04 January, 2024

The Black Mage – Selling Your Soul for Fun and Profit


Part of writing my game has been trying to make it setting neutral, so that (for example) races don't do anything, because a GM may want to make their elves the usual tree-huggers, or may want to make them flesh-eating cannibals or fey with a completely alien morality or whatever instead.  A ruleset where elves have a bonus to hide in forests or dwarves gain the ability to see in the dark and understand stonework creates an implied setting: mechanics that effectively state the way things are without spending a single word on setting / flavour text.  There's nothing wrong with that, but it's simply not what I'm after: I'm trying to make a neutral engine.

Along these lines, magic has a rather noticeable if underappreciated effect on your implied setting.  Beyond the obvious, which is that magic exists and so any number and type of amazing things can be dropped into a setting, many specific spells greatly shake up the world if taken at their word: Continual Light being perhaps the most obvious, but Animate Dead, Raise Dead, and Permanency being of especial note.

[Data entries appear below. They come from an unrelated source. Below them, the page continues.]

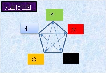 例えば、金星(六白金星、七赤金星)の場合、自分自身の星と、両脇に居る土星(二黒土星、五黄土星、八白土星)と水星(一白水星)とは相性が良いのですが、対角線上にいる木星(三碧木星、四緑木星)と火星(九紫火星)とは相性が良くありません。
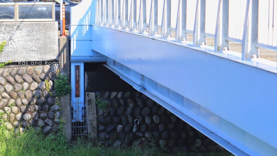 左岸上流側に昇降ゲージがあったが、カバーが変色してよく見えない。
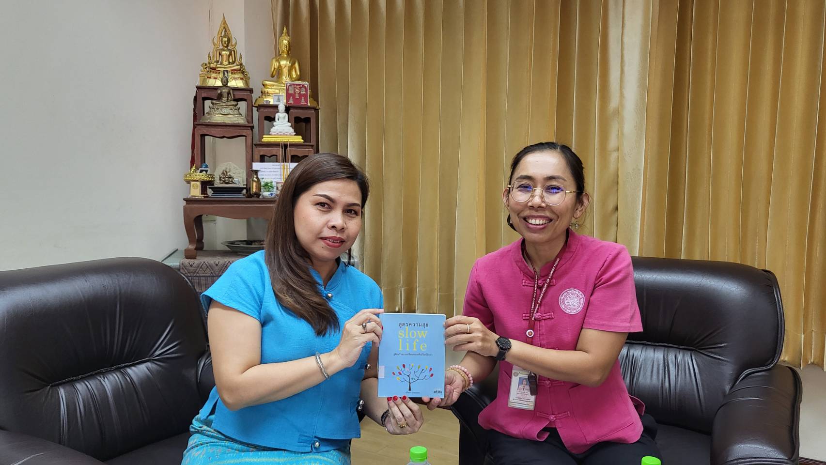 นางสาวรมย์ชลี คำดวง นักทัณฑสถานวิทยาชำนาญการ เข้าพบนางสาวปุณณภา สุขสาคร ผู้อำนวยการหอสมุดแห่งชาติรัชมังคลาภิเษก เชียงใหม่ เพื่อส่งมอบทรัพยากรสารสนเทศของหอสมุดแห่งชาติฯ เชียงใหม่
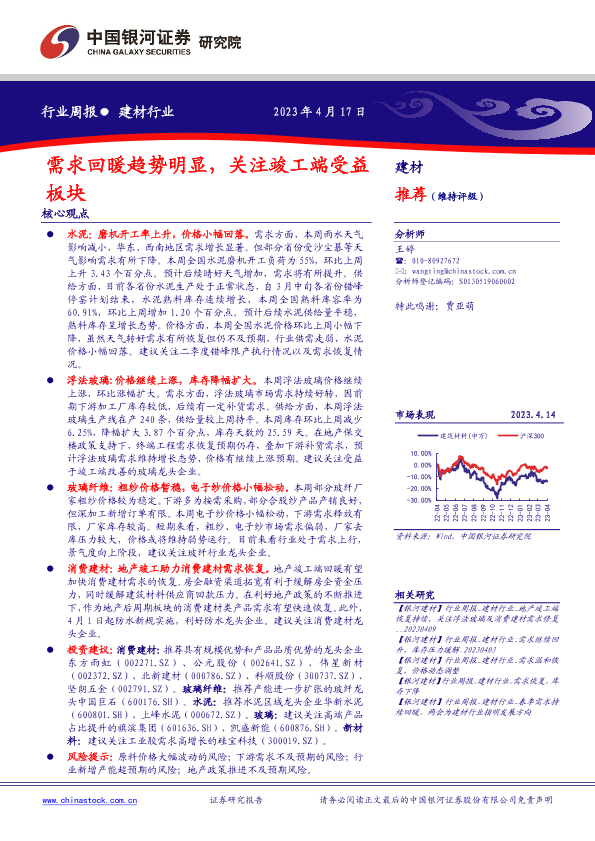 【银河证券】【20230417】建材行业周报:需求回暖趋势明显,关注竣工端受益板块-12页

What I think is less considered here is the nature of magic itself.  The default magic system for D&D is Vancian casting.  I'm quite fond of it, and have no interest in the thousands of failed alternatives that have been proposed over the decades because it's "not realistic" or what have you.  However, Vancian casting as seen in D&D is a system with a decidedly academic basis.  That is, it all works off of spellbooks, which in turn requires literacy and the production of books and scrolls, and additional implied research and training.  As a system it's all very, well, systemic.

There's nothing wrong with that either, but strictly speaking in terms of implied settings, it does close off a lot of worldbuilding avenues unless one wants to lean heavily on clerical magic.  What if you want to have innate magic-users?  How do you handle arcane magic in non-literate societies?  What did arcane magic look like before the institutional framework was created that made the literate style possible?  And, most importantly, how do I sell my soul to the forces of evil in pursuit of quick and easy power?

The base concept is not new, of course.  Sword & sorcery fiction is full of this sort of thing (and DCC has built its magic system around things going terribly wrong as you wield its power).  D&D nods in this direction with the DMG's witch doctors, but on the whole it's lacking, and one of my goals is an attempt to expand on elements like this that traditional D&D tends to be weaker at.  Dissatisfied with the idea of sacrificing a virgin and summoning Baphomet in pursuit of terrible sorcery, only to told in a cavernous voice echoing with a thousand thousand screams, "there will be a test on Monday", and then handed a pile of books and ink quills, I decided to construct some alternate systems, not to replace Vancian casting, but to complement it.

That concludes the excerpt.